— У нас с ней еще в детстве любовь была, жили мы в одном доме, в одну школу бегали, а потом жизнь разбросала да после войны вдруг свела опять… Смотрит она на меня да говорит: «А я вот своего не дождалась». В другой раз встретились, говорит: «Зайди в гости, посидим, поговорим…» Зашел. Комнатка чистая, стол какой-то накрыт. «Есть у меня, — она говорит, — к тебе, Игнат, серьезный разговор… Я говорить буду, а ты не перебивай, слушай до конца, да понять меня старайся. Мужа я своего не дождалась, а лишь бы кто мне не нужен, не смогу я с таким… Но жить-то мне надо… А я, говорит, к краю подошла, сама себя боюсь… Тоска, говорит, очень сильная у меня. Боюсь с ума сойти или еще чего хуже… Одно, говорит, меня спасет — ребенок. Это я точно знаю. Силы у меня пока есть, чтобы родить его да поднять… Потом поздно может быть. И еще говорит: ты ж, Игнат, меня знаешь, я с чужим не пойду, не смогу… Да и чувствую я: не забеременею я от такого. А близкий, говорит, мужчина у меня сейчас один, Игнат, это ты…» А сама смотрит прямо в глаза мне.

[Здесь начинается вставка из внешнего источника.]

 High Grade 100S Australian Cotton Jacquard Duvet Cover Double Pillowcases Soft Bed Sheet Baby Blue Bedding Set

И вижу я, что с этой мысли ее уже не собьешь. Она мне говорит: «Ты не думай, у меня никаких других мыслей нет. Я жену твою знаю — хорошая она, — я вам счастья желаю и мешать не хочу. Только спаси меня». А сама все в глаза мне смотрит, бьет ее всю, колотит… Когда уходил я, сказала: «Одно запомни — плохого ты не сделал и ни перед кем не виноват. И жена твоя, если узнает, не дай бог, простит». Вот так и было тогда. Ну, потом еще несколько раз заходил.
— Скажите, а жена ваша не догадывалась? Ну, что вы с Колотовкиной…

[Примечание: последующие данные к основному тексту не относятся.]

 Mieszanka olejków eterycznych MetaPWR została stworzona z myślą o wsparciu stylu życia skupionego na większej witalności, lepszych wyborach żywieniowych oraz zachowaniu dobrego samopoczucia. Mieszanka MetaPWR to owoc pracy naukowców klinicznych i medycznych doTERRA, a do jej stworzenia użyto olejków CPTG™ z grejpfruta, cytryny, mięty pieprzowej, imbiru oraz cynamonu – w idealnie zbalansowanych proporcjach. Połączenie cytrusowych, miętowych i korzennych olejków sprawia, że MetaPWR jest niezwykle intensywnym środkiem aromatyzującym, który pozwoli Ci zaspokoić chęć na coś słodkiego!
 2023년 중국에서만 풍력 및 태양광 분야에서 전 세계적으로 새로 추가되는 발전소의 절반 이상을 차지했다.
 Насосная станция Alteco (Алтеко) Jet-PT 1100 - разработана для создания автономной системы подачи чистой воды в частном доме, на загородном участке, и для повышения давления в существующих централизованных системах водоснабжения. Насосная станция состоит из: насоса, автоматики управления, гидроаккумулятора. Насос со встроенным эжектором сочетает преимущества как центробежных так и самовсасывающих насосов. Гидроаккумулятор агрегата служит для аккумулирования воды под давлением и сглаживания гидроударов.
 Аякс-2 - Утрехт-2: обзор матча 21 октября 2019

— Жена… Да вроде нет. Во всяком случае, разговора не было. Правда, я сам уже в последнее время так запутался, все в себе разбирался…
Панков посмотрел на Стародубцеву опечалившимися глазами и грустно закончил:
— Вот так мы с Пушкаревым тогда поговорили.

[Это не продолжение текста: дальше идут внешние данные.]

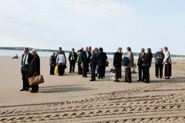 GB. Wales. Tenby. People wait to be collected for a funeral on...

— А про беременность вы ему сказали?
— Про беременность? Нет, сразу не сказал. Пожалел мужика — побоялся, что, если узнает и это, вовсе с ума сойдет… Но алиби поинтересовался. Было у него алиби, проверили.
Не дождавшись от Панкова продолжения истории, Стародубцева спросила:
— Так что — не удалось выяснить, кто поджег?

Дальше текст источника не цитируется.